BÜYÜK FRANSIZ DEVRİMİ NASIL BAŞLADI

Fransa Kralı XVI. Louis, küt burunlu, demir tokalı makosenlerinin parmak uçlarında hafifçe yükseldikten sonra öne doğru bir adım attı, durdu....

Fransa Kralı XVI. Louis, küt burunlu, demir tokalı makosenlerinin parmak uçlarında hafifçe yükseldikten sonra öne doğru bir adım attı, durdu. Birdenbire geri dönerek aynı hareketi tekrarladı.
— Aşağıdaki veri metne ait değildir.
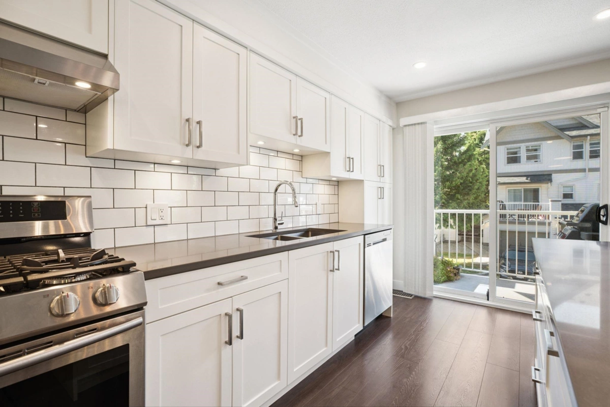 Welcome home to Northview Place in the heart of Port Coquitlam's Riverwood District! Completely renovated from top to bottom in 2019 & lovingly cared for since! This 3 bedroom & flex townhome offers style & functionality with a bright, open living/dining area & a spacious chef's kitchen with quarts countertops, island & stainless steel appliances. Upstairs, the primary suite boasts a walk-in closet & spa-inspired ensuite, with two more large bedrooms. The lower level includes a flex space, ideal for an office, gym or 4th bedroom. Enjoy the fenced yard with grass & balcony for your BBQ. Double garage & ample street parking add convenience. Insuite laundry room with sink. Proactive strata with new roof & new vinyl fence. OPEN HOUSE Sunday November 30 3:00-5:00pm!
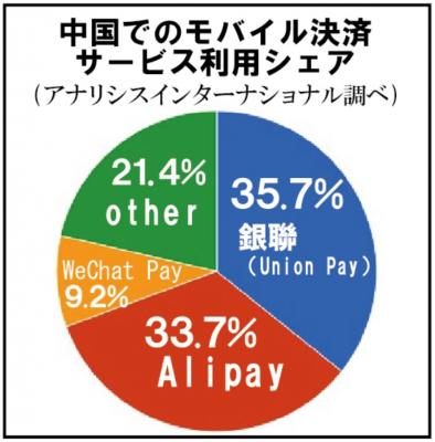 ■Alipay → 中国国内で広く浸透している世界有数な決済プラットフォームとして実名認証のユーザー数を8億人以上の決済サービス。中国最大の第三者オンライン決済システムで、ユーザー数8億人超え、1日の取り扱い件数は1億580万件、2014年Alipay決済総額8兆8161億元(約167兆5060億円)、モバイル端末による決済総額7兆7660億元(約147兆5540億円)、モバイル決済市場占有率68%と言われている。
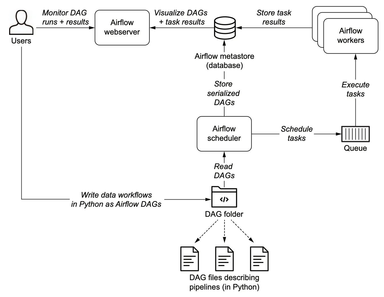 모든 컴포넌트들은 python application이다. 추가로 패키지를 설치할 수 있으며, 이는 custom operators or sensors를 설치하고 custom plugin을 통해 airflow 기능을 확장하기에 좋다

Versailles Sarayı’ndaki odasında yalnızdı. Dev gibi odanın tüm mobilyalarını ezberlemişti. Gözünü kapadığı anda neyin nerede olduğunu bildiğinden, neredeyse kapalı gözlerle tüm odayı dolaşacak hale gelmişti.

“Oda aynı oda, ama kral aynı kral değil,” dedi fısıltıyla.

Yandaki odalardan birinde Sınıflar Meclisi (Etajenero) toplantı halindeydi.

Birden iki elini birbirine vurarak şaklattı. Odaya hemen muhafızlardan biri girdi.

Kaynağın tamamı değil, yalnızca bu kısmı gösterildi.